- **EXERCISE DETAILS**
Hand back, word for word, the lines from the one containing "Classifying Mixtures •" to the end of the records, both included, and leave out pictures.

►

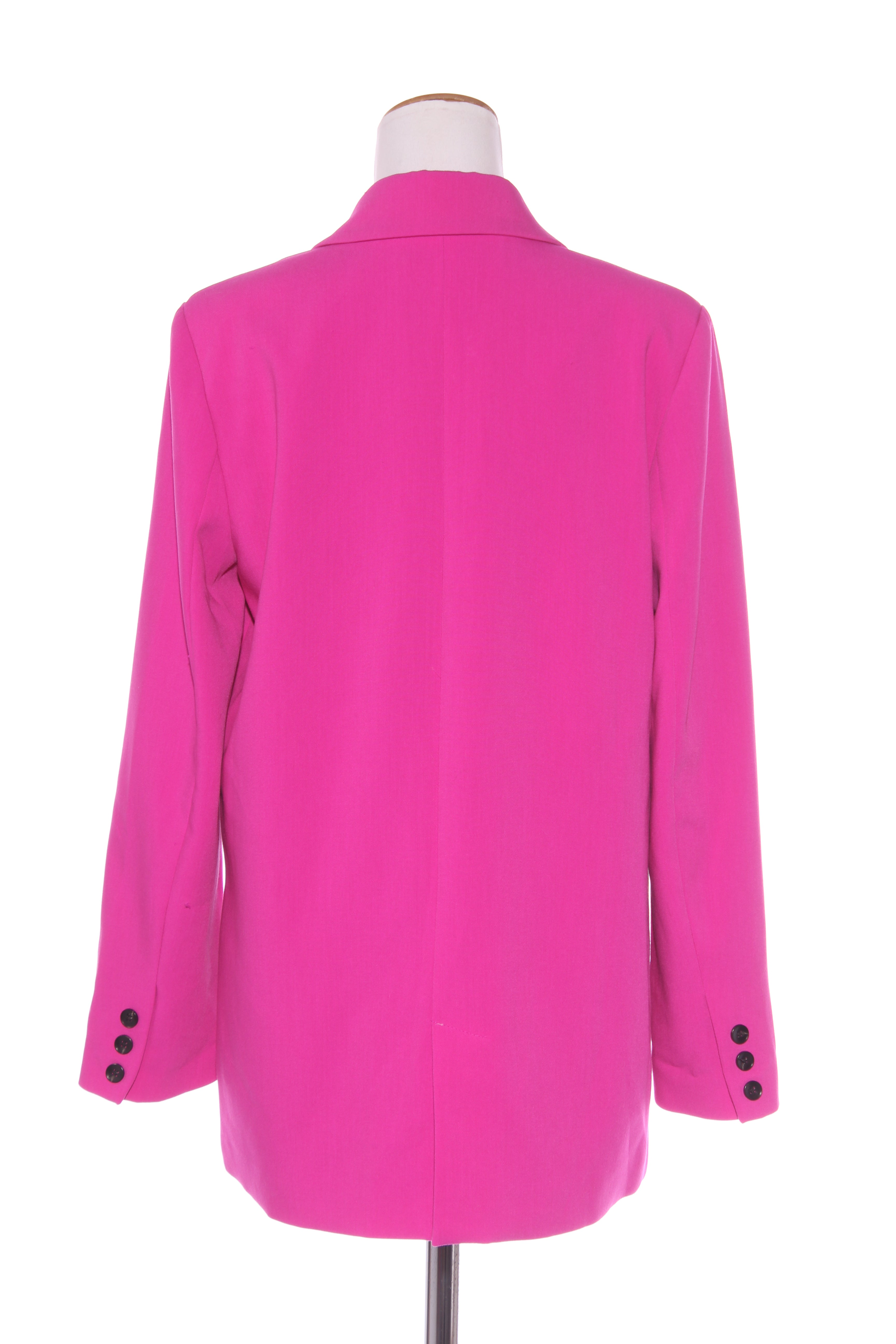 NOTES: Button up front. Side pockets sewn closed. Shoulders have padding. Fully lined. Fabric has stretch.
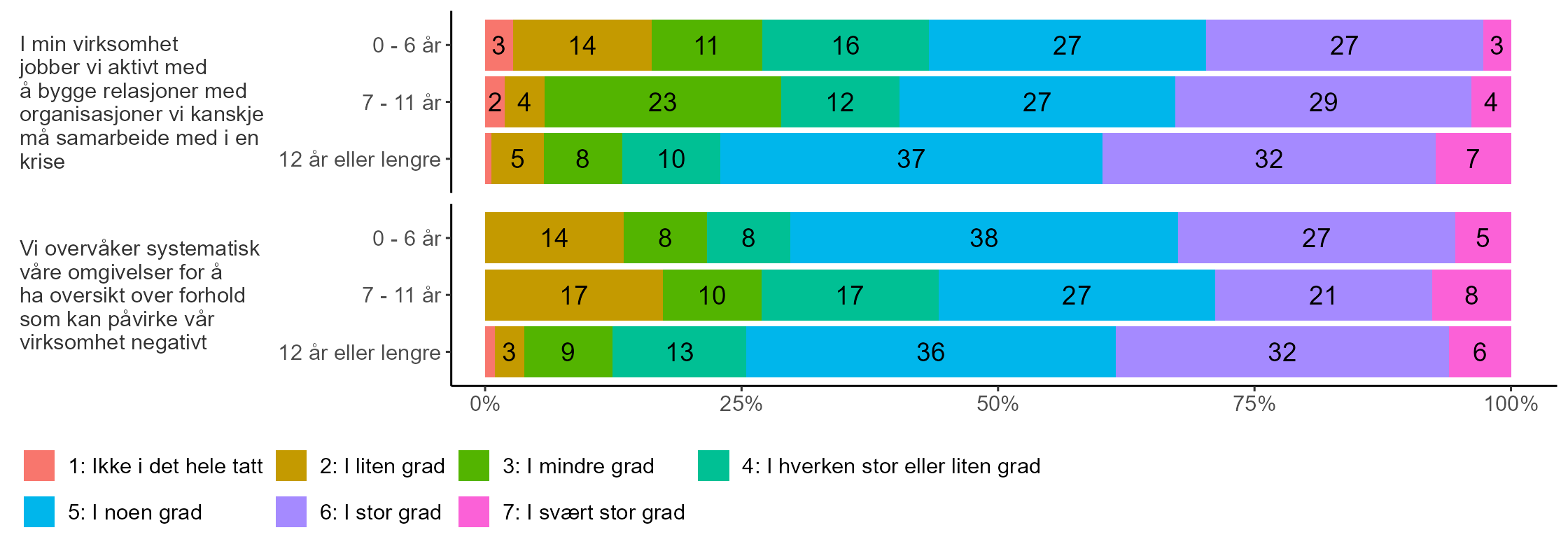 Figur 6 viser at topplederne med lengst erfaring i noe større grad rapporterer at de i stor eller svært stor grad både systematisk overvåker omgivelsene for å ha oversikt over hvilke forhold som kan påvirke virksomheten negativt (38 prosent) og at de jobber aktivt med å bygge relasjoner med organisasjoner de kanskje må samarbeide med i en krise (40 prosent), sammenliknet med topplederne med mindre erfaring. Derimot oppgir 27 prosent av topplederne med 7-10 års erfaring og 22 prosent av lederne med minst erfaring at de ikke, i liten eller mindre grad systematisk overvåker omgivelsene. Videre oppgir 29 prosent av topplederne med 7-10 års erfaring og 28 prosent av topplederne med minst erfaring at de ikke, i liten eller mindre grad aktivt bygger relasjoner til andre organisasjoner.
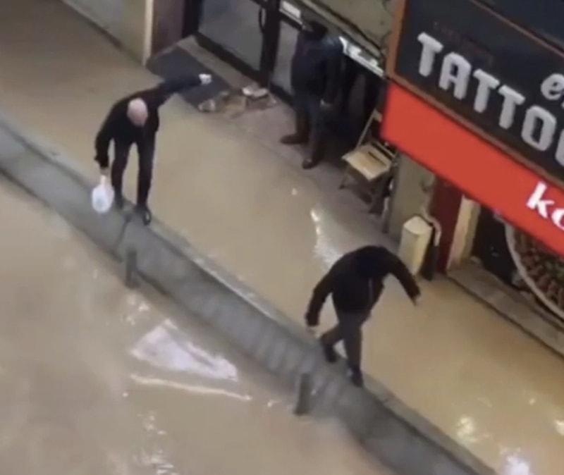 Su seviyesi yer yer bel seviyesini aşarken, insanlar dengelerini korumaya çalışarak adım atmaya uğraştı.
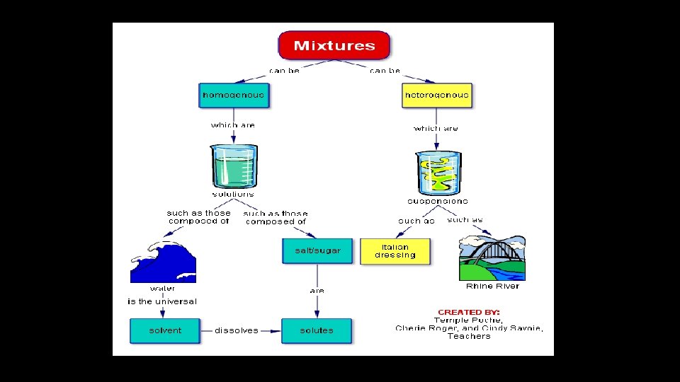 Classifying Mixtures • Heterogeneous Mixture • • composition of mixture is not uniform throughout oil and water 2 or more phases suspensions • Phase: any part or a mixture with uniform make up and properties • Homogeneous Mixture • composition of mixture is uniform throughout • consists of only 1 phase • solutions
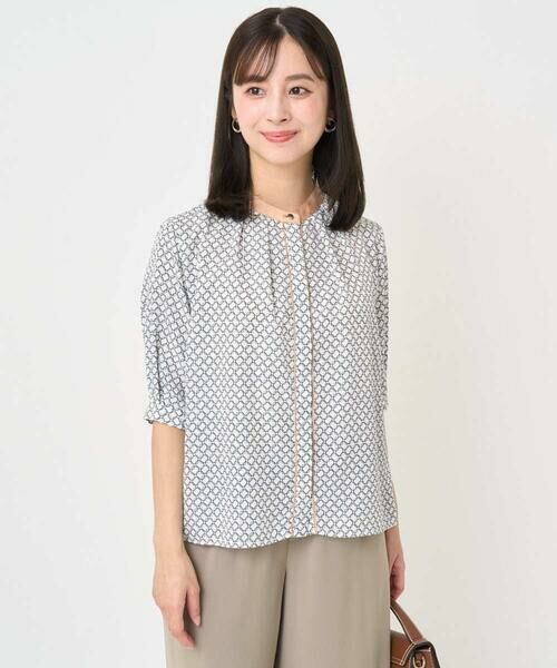 Maison de CINQ / メゾン ドゥ サンク シャツ・ブラウス | 【小さいサイズ】幾何プリント配色ブラウス/接触冷感/洗濯機で洗える(アイボリー)

◄

- **COMPLETED EXERCISE**
 Classifying Mixtures • Heterogeneous Mixture • • composition of mixture is not uniform throughout oil and water 2 or more phases suspensions • Phase: any part or a mixture with uniform make up and properties • Homogeneous Mixture • composition of mixture is uniform throughout • consists of only 1 phase • solutions
 Maison de CINQ / メゾン ドゥ サンク シャツ・ブラウス | 【小さいサイズ】幾何プリント配色ブラウス/接触冷感/洗濯機で洗える(アイボリー)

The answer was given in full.